I finally understand the popularity of sci fi narratives about empathy. Initially I’d disdained it as the SFF world over-indexing Artificial Intelligence in its ability to master human value. Empathy is all we have. Today, as in this observable factual date—July 8 2023 at around midnight—I realized that the subtext of computer empathy in sci-fi narratives is not representative of a fear of robots, but is an allegory for real human experience of disassociation. Because a machine with feelings speaks to how baffling it is otherwise, when two humans can have been through the same experience, and have competing memories of it. I don’t just mean a Rashomon-style conflation of narratives. I mean, when someone so close to your experience as to be the experience itself, does not believe what you felt. The narratives compete because someone fights so desperately for the truth to appear one way and the other drowns in the facts. The horror of a person’s denial of an experience becomes unacceptable. It requires a suspension of reality, even a re-designation of a person’s humanity. A machine could never lie.
I was asked to learn and think about parasocial relationships recently, in the context of my cognitive dissonance. I haven’t bothered to read the Atlantic essay—a primary source—but I know the gist is that someone can fall in love with an idea of another person based on a performed persona. Most commonly this refers to celebrity crushes gone beyond mere admiration of photos in the pages of widely distributed magazines or popular social media accounts. But the beloved persona in this parasocial example, still has knowledge and belief in the possibility of a connection, perhaps even compunction and regret; understands the risk of asking the world to fall in love with them.

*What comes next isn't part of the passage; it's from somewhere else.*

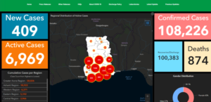Cumulatively, Ghana has confirmed 108,226 cases, while 6,969 of them are active cases, 100,383 people have recovered.

I ask you to consider a new phrase. The psychotic relationship. One in which a person has carved the word north wherever they need a compass. One in which a shepherd feigns incredulity when sheep appear at his feet, because they would prefer not to hold any responsibility beyond the staff they won’t put down and hand over. The psychotic relationship is a political one. You redline our memories so I live in a neighborhood of your design, and a vote means absolutely nothing.